Data records
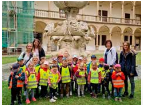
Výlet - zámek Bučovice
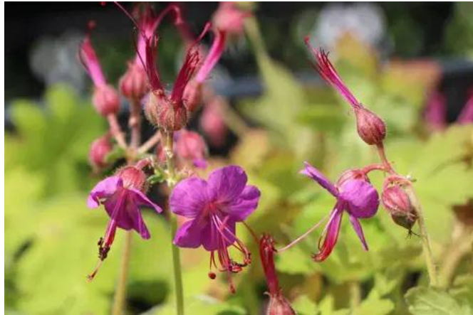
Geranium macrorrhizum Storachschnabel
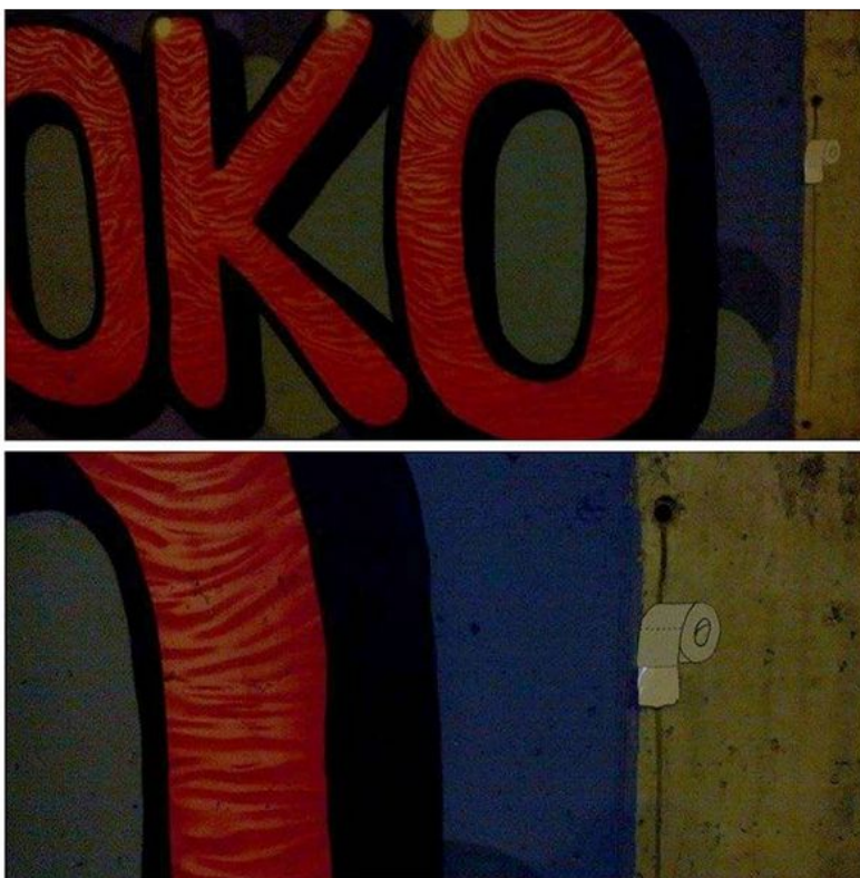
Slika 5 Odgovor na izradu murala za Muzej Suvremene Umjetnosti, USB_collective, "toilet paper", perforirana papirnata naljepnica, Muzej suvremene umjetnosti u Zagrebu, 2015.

--

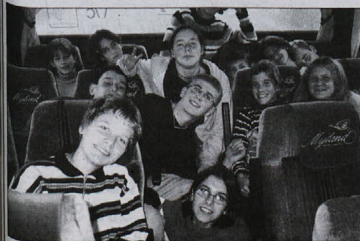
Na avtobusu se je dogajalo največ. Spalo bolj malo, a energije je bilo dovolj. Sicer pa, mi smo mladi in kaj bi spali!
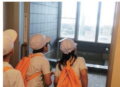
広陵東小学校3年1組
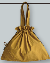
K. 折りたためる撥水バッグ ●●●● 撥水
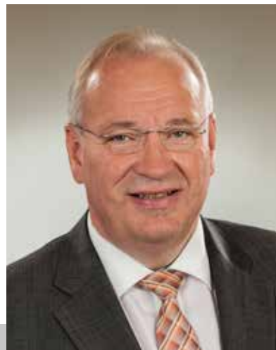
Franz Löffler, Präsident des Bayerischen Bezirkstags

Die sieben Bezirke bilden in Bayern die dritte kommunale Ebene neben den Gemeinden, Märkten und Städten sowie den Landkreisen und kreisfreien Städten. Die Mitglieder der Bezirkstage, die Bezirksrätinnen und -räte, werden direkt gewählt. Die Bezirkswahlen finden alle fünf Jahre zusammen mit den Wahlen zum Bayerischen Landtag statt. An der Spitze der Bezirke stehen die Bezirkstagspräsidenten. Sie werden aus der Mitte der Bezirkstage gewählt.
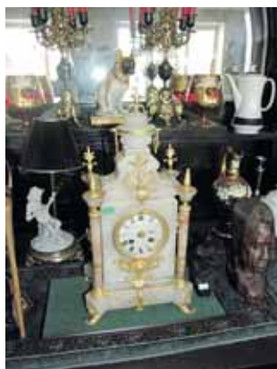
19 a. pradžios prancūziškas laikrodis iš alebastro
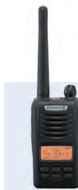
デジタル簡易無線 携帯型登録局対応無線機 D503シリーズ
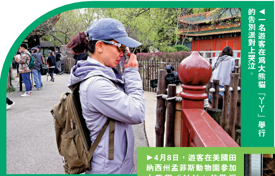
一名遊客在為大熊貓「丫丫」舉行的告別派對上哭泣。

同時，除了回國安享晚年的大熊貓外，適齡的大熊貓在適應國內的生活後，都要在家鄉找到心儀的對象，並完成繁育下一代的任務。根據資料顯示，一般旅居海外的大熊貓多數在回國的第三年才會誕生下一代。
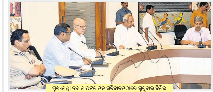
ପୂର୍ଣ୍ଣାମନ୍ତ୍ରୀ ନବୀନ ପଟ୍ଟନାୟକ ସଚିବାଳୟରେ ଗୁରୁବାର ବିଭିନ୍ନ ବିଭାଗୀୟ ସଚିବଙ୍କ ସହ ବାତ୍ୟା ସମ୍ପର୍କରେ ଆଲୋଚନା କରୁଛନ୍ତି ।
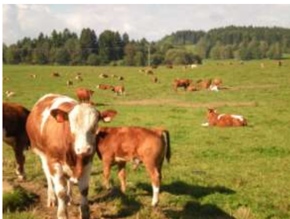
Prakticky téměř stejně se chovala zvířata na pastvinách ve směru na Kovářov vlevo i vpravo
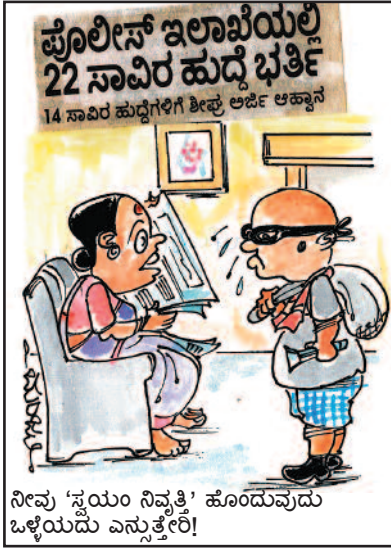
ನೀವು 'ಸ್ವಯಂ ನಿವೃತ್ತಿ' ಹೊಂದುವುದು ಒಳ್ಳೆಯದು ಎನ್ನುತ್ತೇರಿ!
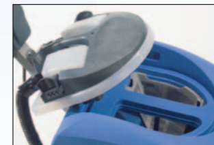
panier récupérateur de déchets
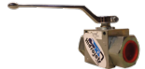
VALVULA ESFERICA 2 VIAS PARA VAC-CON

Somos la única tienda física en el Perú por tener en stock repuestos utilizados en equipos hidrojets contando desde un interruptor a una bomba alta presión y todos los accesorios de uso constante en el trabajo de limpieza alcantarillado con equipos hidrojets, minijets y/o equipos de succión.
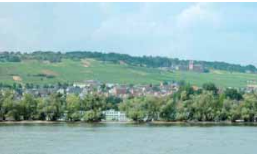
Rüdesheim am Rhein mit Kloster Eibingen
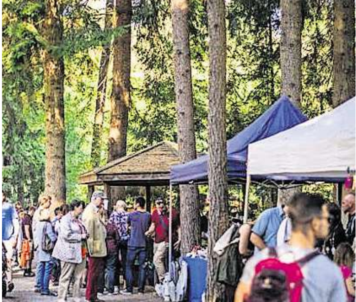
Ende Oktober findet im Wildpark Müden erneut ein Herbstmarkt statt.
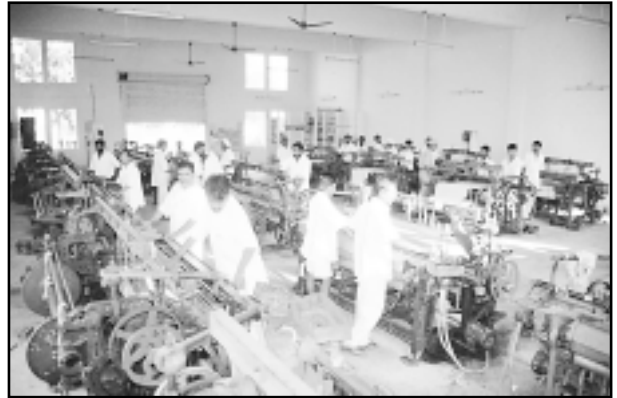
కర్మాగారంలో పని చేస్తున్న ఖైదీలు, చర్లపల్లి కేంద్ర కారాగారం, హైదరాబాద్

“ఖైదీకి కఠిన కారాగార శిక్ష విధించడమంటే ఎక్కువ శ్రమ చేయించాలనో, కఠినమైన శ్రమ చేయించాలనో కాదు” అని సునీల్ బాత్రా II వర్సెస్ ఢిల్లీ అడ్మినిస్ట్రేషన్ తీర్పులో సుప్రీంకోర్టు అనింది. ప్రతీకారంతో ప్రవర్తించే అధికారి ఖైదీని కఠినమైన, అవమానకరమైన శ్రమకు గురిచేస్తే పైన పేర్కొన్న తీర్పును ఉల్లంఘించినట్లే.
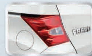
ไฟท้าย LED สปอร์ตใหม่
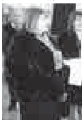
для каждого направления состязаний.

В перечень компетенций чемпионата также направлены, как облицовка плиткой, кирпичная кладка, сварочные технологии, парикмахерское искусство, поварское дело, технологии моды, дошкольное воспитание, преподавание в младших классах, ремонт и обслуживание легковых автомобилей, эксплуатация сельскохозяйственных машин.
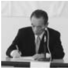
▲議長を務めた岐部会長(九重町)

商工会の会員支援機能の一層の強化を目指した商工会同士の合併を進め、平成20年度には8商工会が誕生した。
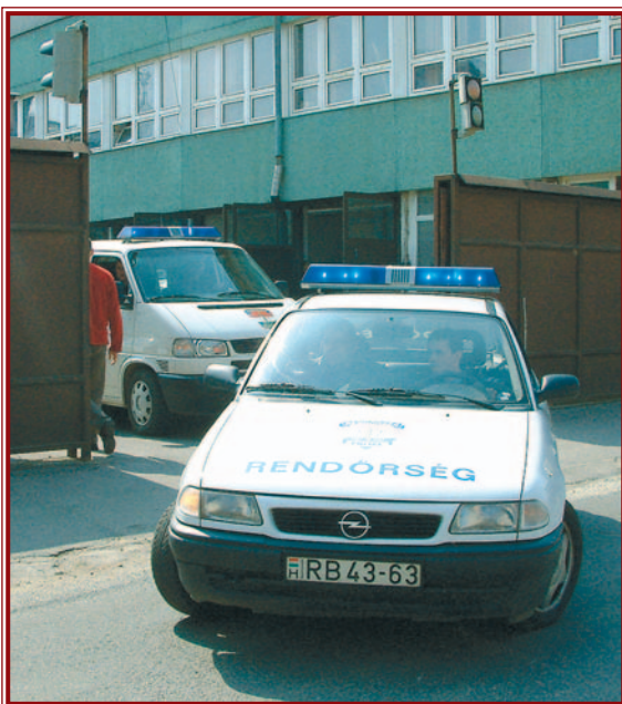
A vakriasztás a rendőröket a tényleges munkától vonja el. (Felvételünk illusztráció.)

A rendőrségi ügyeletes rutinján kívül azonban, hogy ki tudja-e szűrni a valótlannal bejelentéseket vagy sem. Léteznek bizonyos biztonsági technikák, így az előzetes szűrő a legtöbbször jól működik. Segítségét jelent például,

What this task involves
Return the material from the line containing "ไฟท้าย LED สปอร์ตใหม่" through the line containing "В перечень компетенций", exactly and in full, but without its pictures.

Problem solution
ไฟท้าย LED สปอร์ตใหม่
для каждого направления состязаний.

В перечень компетенций чемпионата также направлены, как облицовка плиткой, кирпичная кладка, сварочные технологии, парикмахерское искусство, поварское дело, технологии моды, дошкольное воспитание, преподавание в младших классах, ремонт и обслуживание легковых автомобилей, эксплуатация сельскохозяйственных машин.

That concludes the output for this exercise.